Çorum Şubemiz tarafından düzenlenen 19 Mayıs Atatürk’ü Anma ve Gençlik ve Spor Bayramı Etkinlikleri

Çorum  şubemiz tarafından düzenlenen 19 Mayıs Atatürk’ü Anma ve Gençlik ve Spor Bayramı etkinlikleri kapsamında; Öğleden sonra saat 14.00’de Atatürk anıtına çelenk sunma töreni düzenlendi. Eğitim-iş, ADD, Genel Sağlık-iş ve CHP İl Başkanlığı çelenklerini sundu.

Akşam saat 17.00’de CHP İl Başkanı Hasan Suvacı, CHP Merkez İlçe Başkanı Ali Rıza Suludere, Eğitim-İş Çorum Şube Başkanı İlhan Yaşar, Eğitim-iş MYK üyesi Dilek Yurdugül, CHP yönetim kurulu üyeleri ve çok sayıda vatandaşın katıldığı kutlama programı, Atatürk ve silah arkadaşları için saygı duruşunda bulunulması ve İstiklal Marşı’nın okunmasıyla başladı.

Programın açılış konuşmasını yapan Eğitim-İş Çorum Şube Başkanı İlhan Yaşar konuşmasında;


Bugün, büyük önderimiz Mustafa Kemal Atatürk'ün, Samsun'a çıkarak, bağımsızlık ve özgürlük meşalesini yakmasının 97. yılını kutluyoruz.

19 Mayıs, özgürlük, bağımsızlık ve demokrasi savaşının adıdır. Bir ulusun var olma veya yok ola mücadelesidir. Sarayın, teslimiyetçi, ihanetçi Damat Ferit zihniyetine inat “Ya İstiklal ya ölüm” denildiği tarihtir.

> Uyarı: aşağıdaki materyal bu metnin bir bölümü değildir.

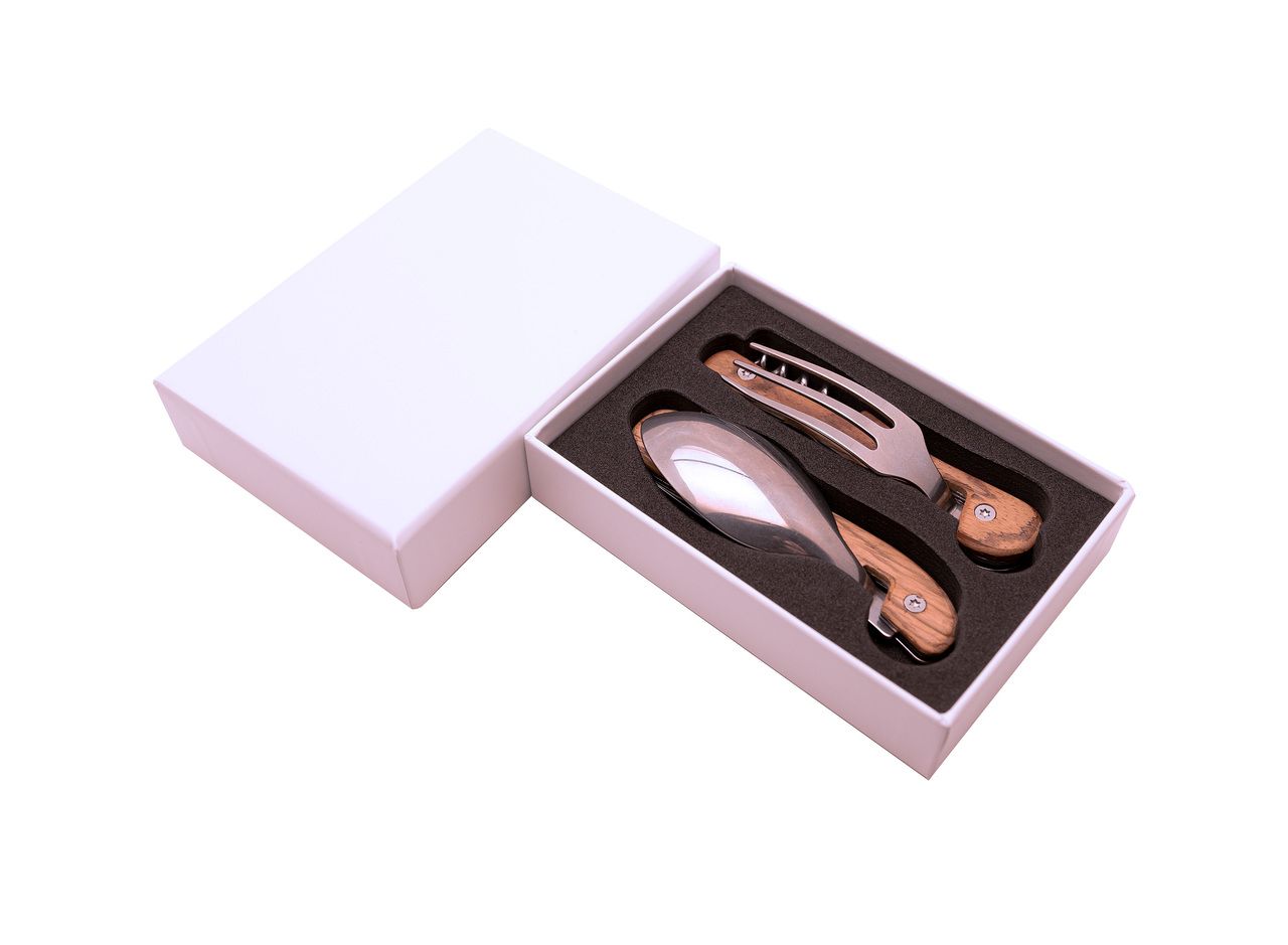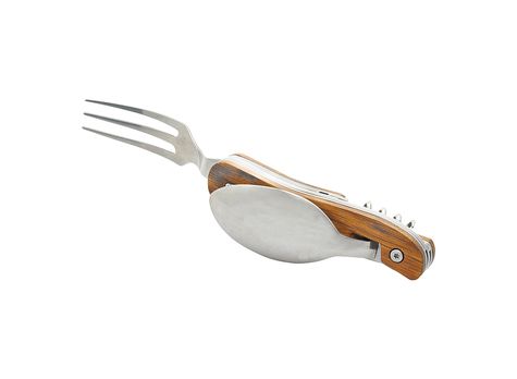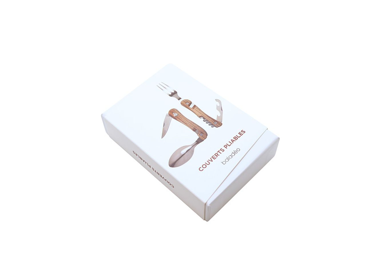 Couverts de voyage pliants en acier inoxydable 420 alimentaire. Manche en frêne exotique. Assemblage aimanté pour scinder le produit en deux parties et former ainsi une fourchette et un couteau (ou une cuillère). 6 fonctions : couteau, fourchette, cuillère, décapsuleur, ouvre boite, tire-bouchon avec mèche 4 spirales en acier inoxydable. Livrés dans un coffret cadeau en carton blanc.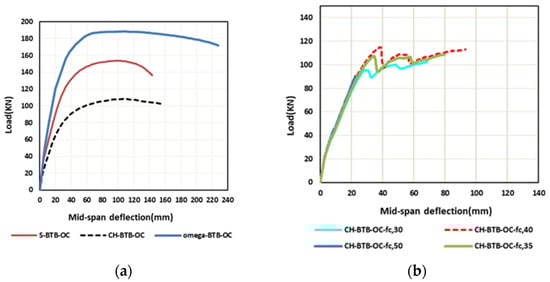 Effect of the CFS beam cross-section and concrete compressive strength. (a) Effect of the CFS beam cross-section (C, omega, and sigma cross-sections); (b) Effect of the concrete compressive strength.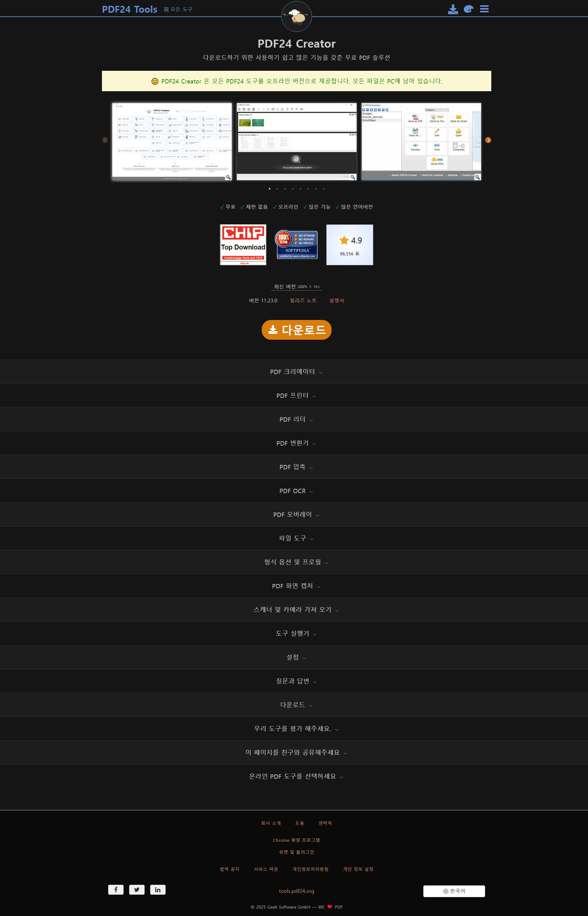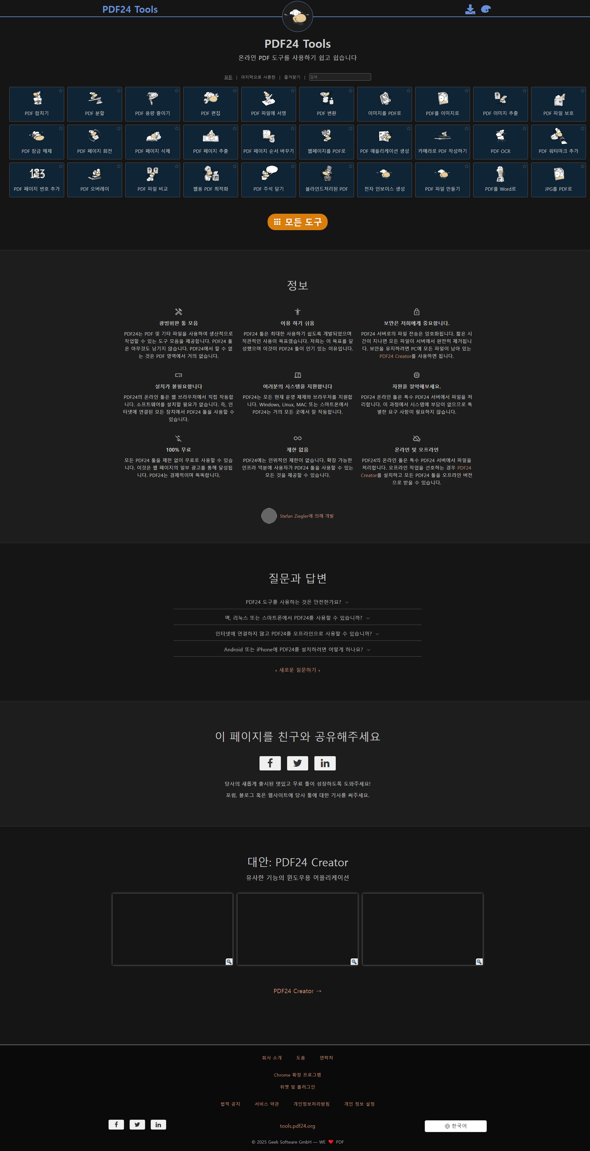 PDF를 병합, 압축, 작성, 편집 및 변환할 수있는 무료 온라인 PDF 도구입니다. 빠르고 쉬운. 설치하지 않고. 등록하지 않고.

Mandacı ve himayeci zihniyete karşı,''Hattı müdafaa yoktur sathı müdafaa vardır, o satıh bütün vatandır'' deyip, Sevr zihniyetine karşı, “Tam bağımsız bir ülke” sesinin yükselttiği tarihtir.

İzmir’i işgal eden Yunan ordusunu karanfillerle karşılayanlara,  “İzmir’de sükûnet var, işgal geçicidir…” diyen Ali Kemallere inat, ilk kurşunu atan Hasan Tahsin’in ölümsüzleştiği tarihtir. İşgalci Yunanlılara “Padişah efendilerinin misafirleri” gözü ile bakanların karşısında  “Vatanın bütünlüğü milletin bağımsızlığı tehlikededir.” “Milli sınırları içinde vatan bölünmez bir bütündür; parçalanamaz.” diyenlerin farkıdır 19 Mayıs. İşbirlikçilerin inadına “Geldikleri gibi giderler!” diyen bir kahramanın doğum tarihidir 19 Mayıs.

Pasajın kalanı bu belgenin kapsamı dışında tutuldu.